INFORMATION PROVIDED -
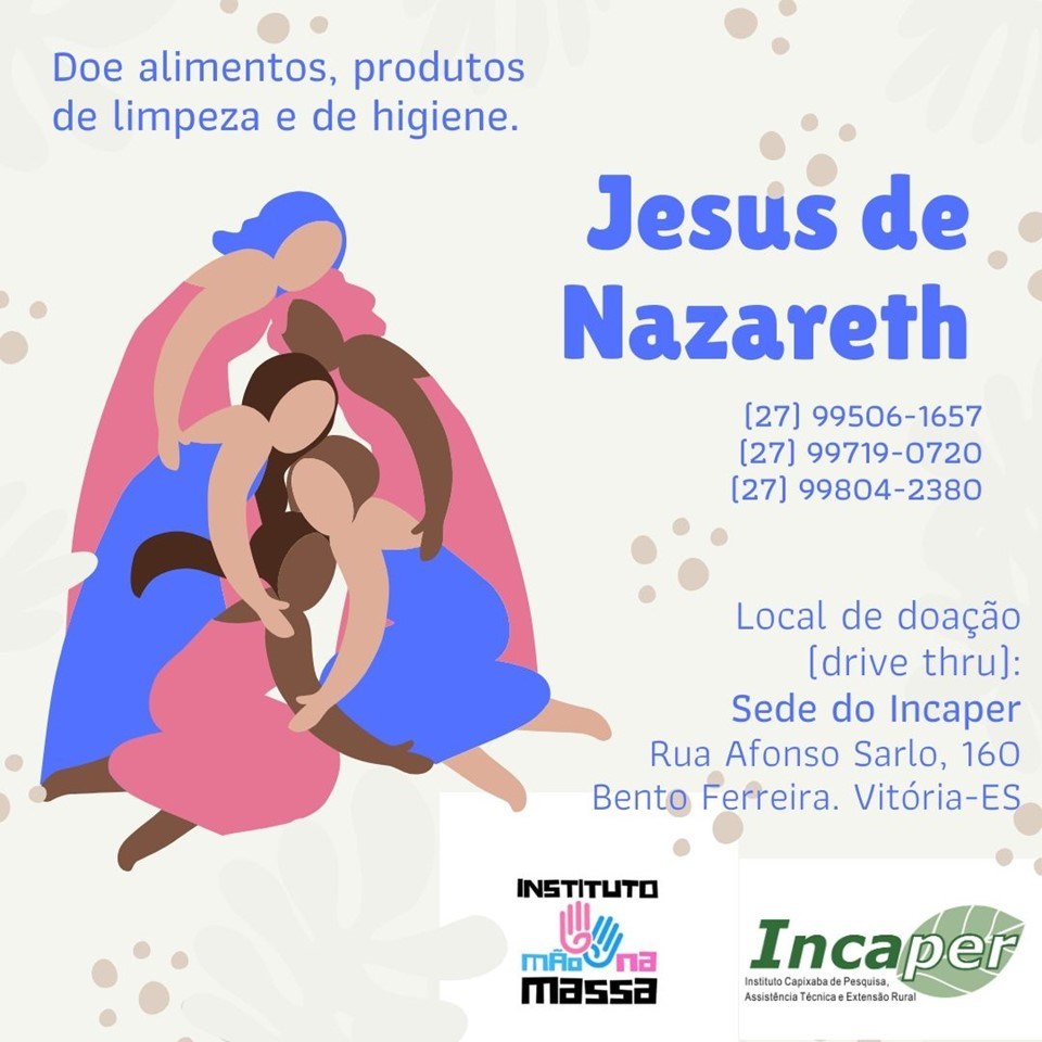 A Sede do Instituto Capixaba de Pesquisa, Assistência Técnica e Extensão Rural (Incaper), em Vitória, está recebendo doações para ajudar os moradores carentes do bairro Jesus de Nazareth, também na Capital. Podem ser doados alimentos não perecíveis, produtos de limpeza e de higiene pessoal.
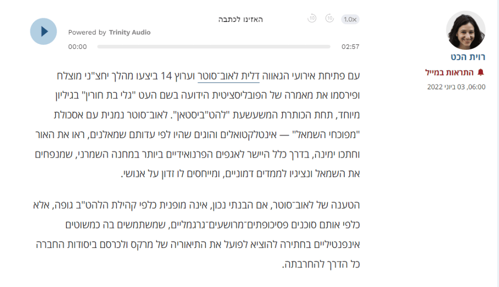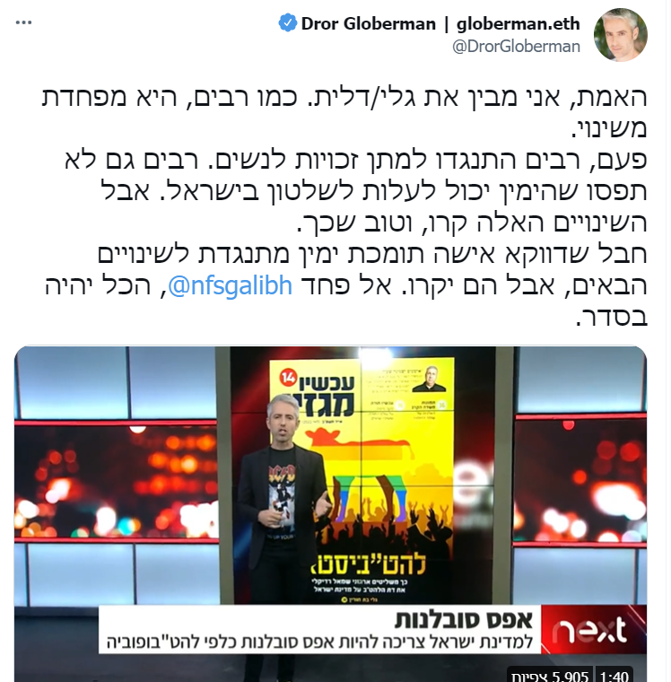 ומנגד – כלי תקשורת אחרים ניסו באמת להקשיב ולהבין – מאלו שפחות דחוף להם להגן על ארגונים מתוך אג'נדה רדיקלית ויותר חשוב להם לברר שמא להטבים אולי באמת מנוצלים – או – האם האג'נדה באמת מסוכנת לילדים של כולנו
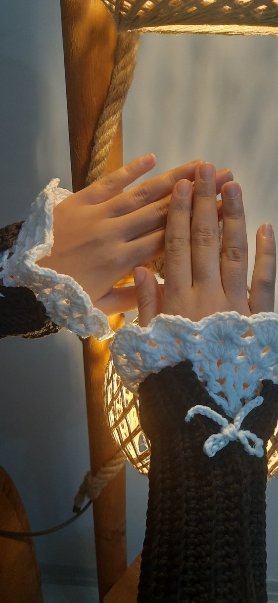 Dantel detaylı beyaz örgü eldivenler, gotik tarzda ve vintage dokunuşlu. Yumuşak ve zarif bir tasarıma sahiptir. marka temsili
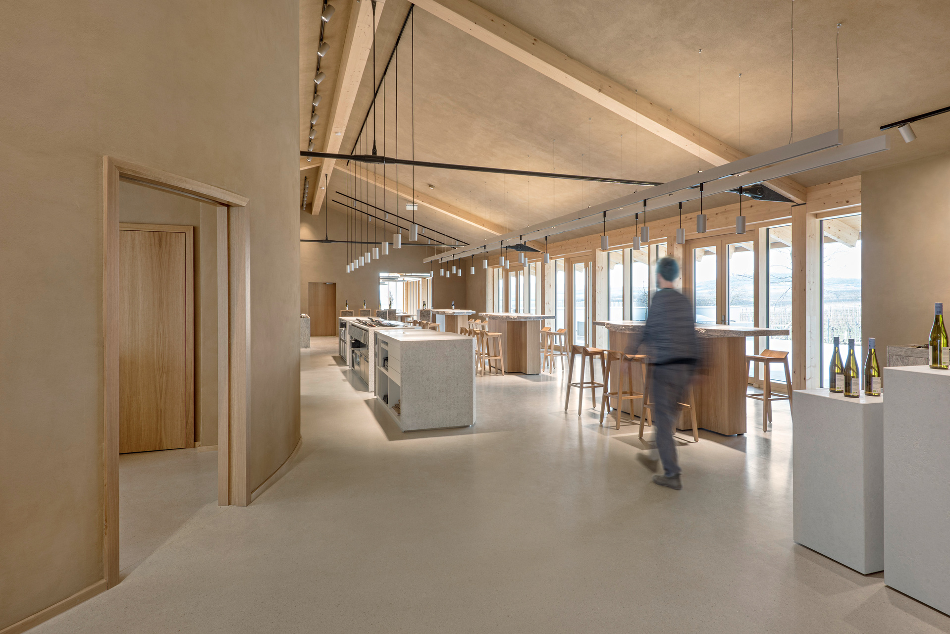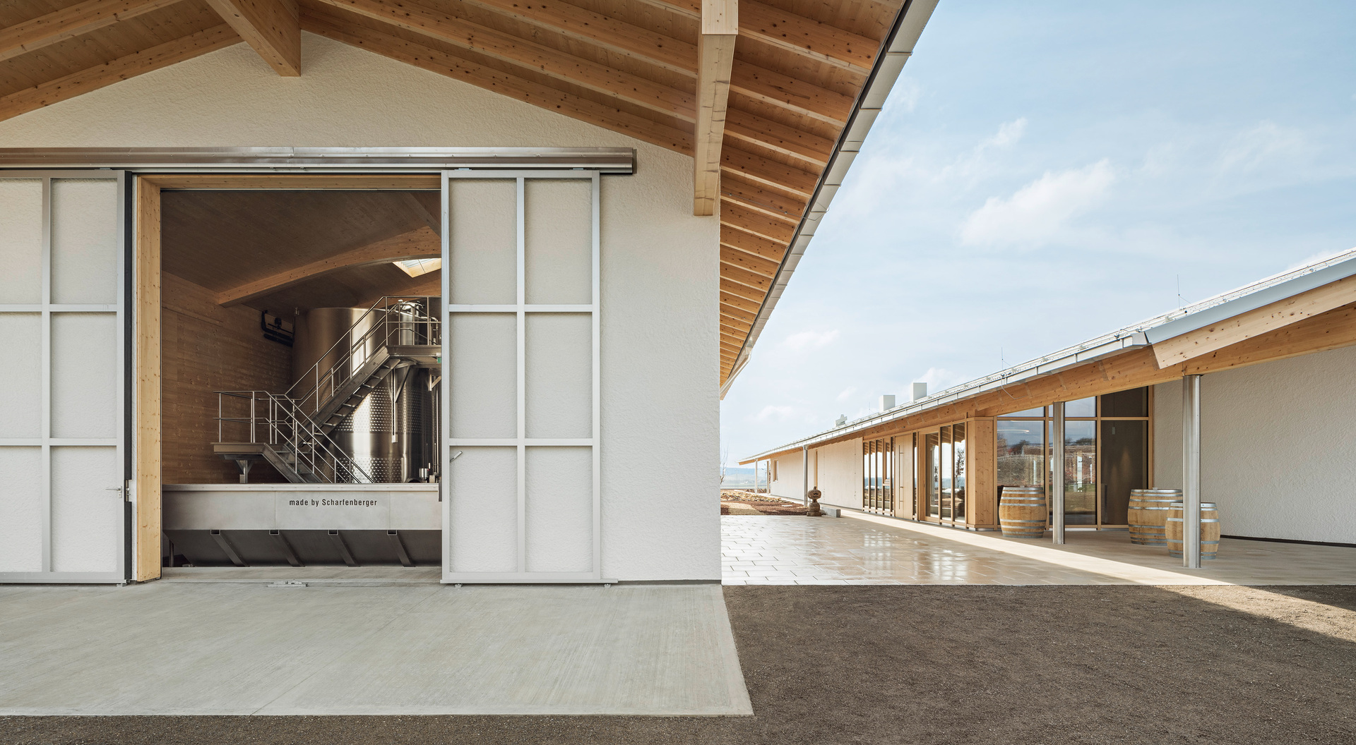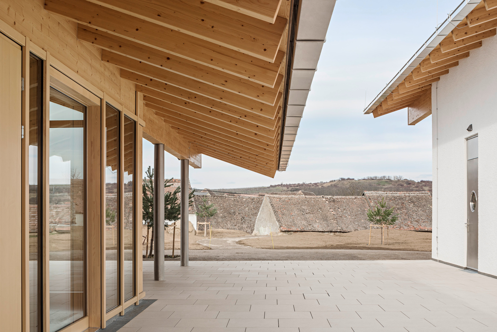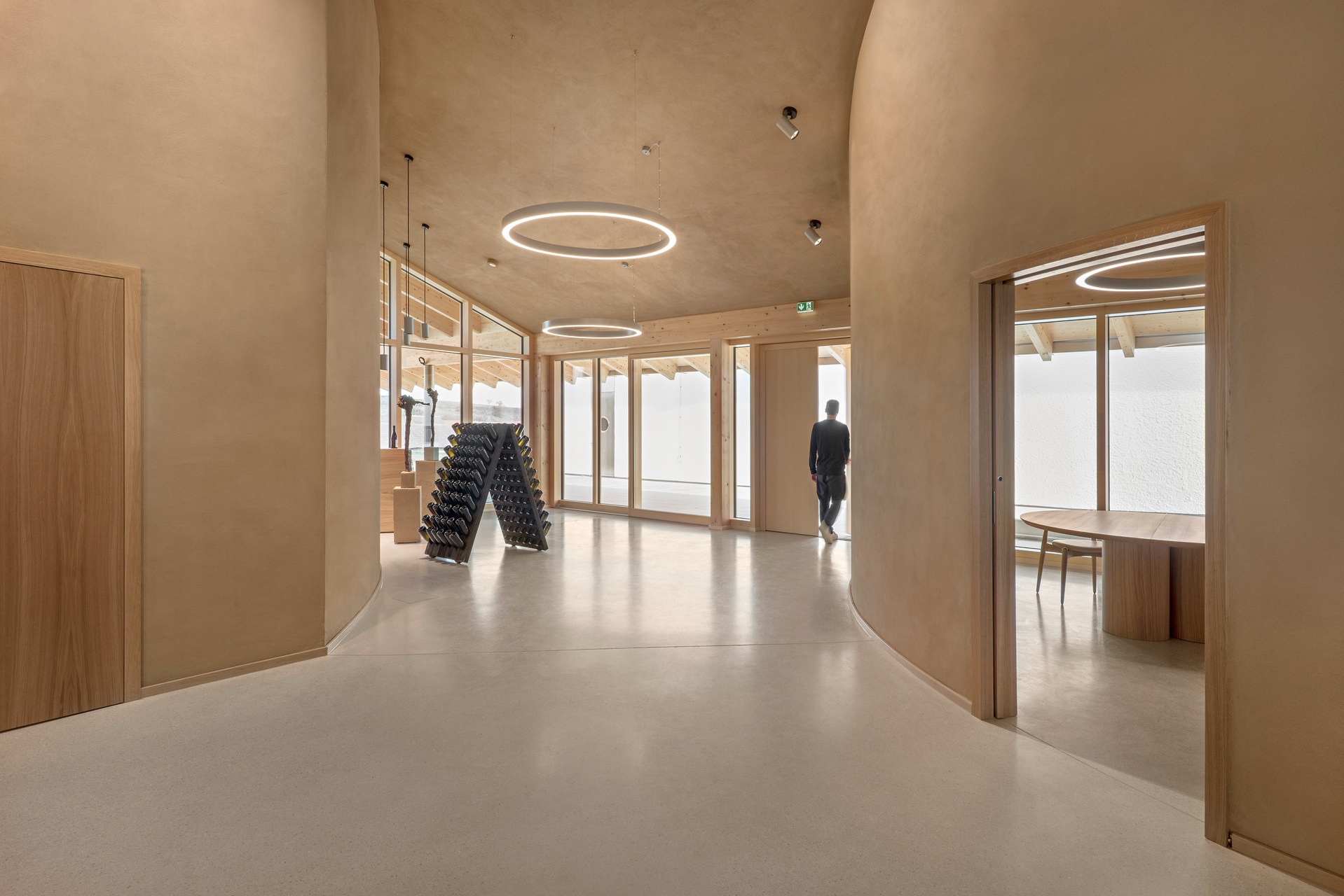 In den oberen Bereichen sorgen Holz und Lehm für ein behagliches Klima. Architektonische Details wie das Rundbögen-Geländer der Terrasse stellen eine Verbindung zwischen Weingut und Landschaft her. Die 2 m breite Dach-Auskragung über dem umlaufenden Weg dient als Sonnenschutz und lenkt den Blick von innen gezielt auf die Landschaft. Die Verwendung von geworfenem Kalkputz würdigt die traditionellen Kalkfassaden regionaler Presshäuser.

WHAT TO PRODUCE - Locate the line containing "Dantel detaylı beyaz" in the material above, then repeat it and every later line exactly, with no pictures.

ANSWER SPACE -
 Dantel detaylı beyaz örgü eldivenler, gotik tarzda ve vintage dokunuşlu. Yumuşak ve zarif bir tasarıma sahiptir. marka temsili
 In den oberen Bereichen sorgen Holz und Lehm für ein behagliches Klima. Architektonische Details wie das Rundbögen-Geländer der Terrasse stellen eine Verbindung zwischen Weingut und Landschaft her. Die 2 m breite Dach-Auskragung über dem umlaufenden Weg dient als Sonnenschutz und lenkt den Blick von innen gezielt auf die Landschaft. Die Verwendung von geworfenem Kalkputz würdigt die traditionellen Kalkfassaden regionaler Presshäuser.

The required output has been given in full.